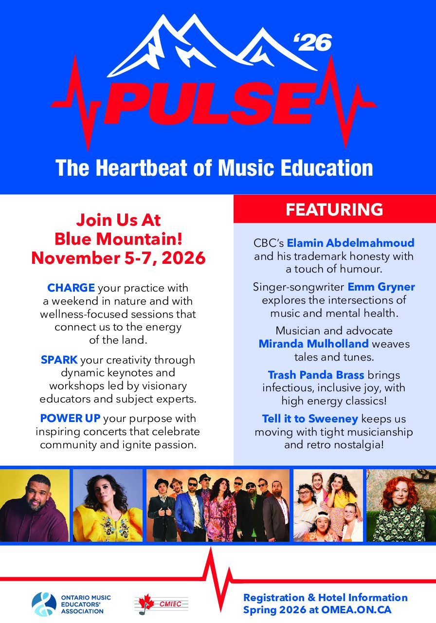 Pulse 2026 is OMEA’s next provincial conference — a gathering dedicated to embracing the heartbeat of music in our classrooms, communities, and shared musical lives. Music is more than sound; it is a pulse that moves us, connects us, and shapes how we learn, create, and belong. At Pulse 2026, we’ll explore how this pulse beats uniquely in each student, resonating across genres, traditions, identities, and personal stories. Through thoughtful, responsive, and inclusive practice, we aim to build music education spaces that are alive with possibility and grounded in Anti-Oppressive and Anti-Colonial approaches.
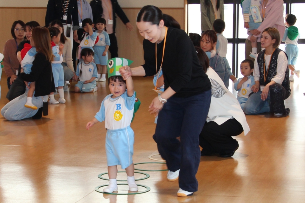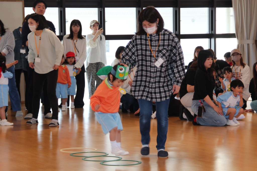 おうちの方と手をつないで、フラフープの中を両足ジャンプ!
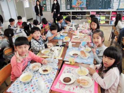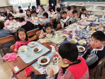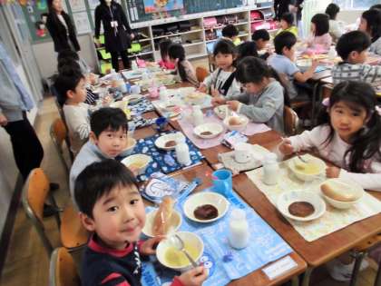 1年生にとっては初めての学校給食です。みんなおいしそうに食べていました。

--

▶ [WHAT TO PRODUCE] Return each of the lines exactly as they appear above, with no images.

▶ [ANSWER SECTION]
 Pulse 2026 is OMEA’s next provincial conference — a gathering dedicated to embracing the heartbeat of music in our classrooms, communities, and shared musical lives. Music is more than sound; it is a pulse that moves us, connects us, and shapes how we learn, create, and belong. At Pulse 2026, we’ll explore how this pulse beats uniquely in each student, resonating across genres, traditions, identities, and personal stories. Through thoughtful, responsive, and inclusive practice, we aim to build music education spaces that are alive with possibility and grounded in Anti-Oppressive and Anti-Colonial approaches.
 おうちの方と手をつないで、フラフープの中を両足ジャンプ!
 1年生にとっては初めての学校給食です。みんなおいしそうに食べていました。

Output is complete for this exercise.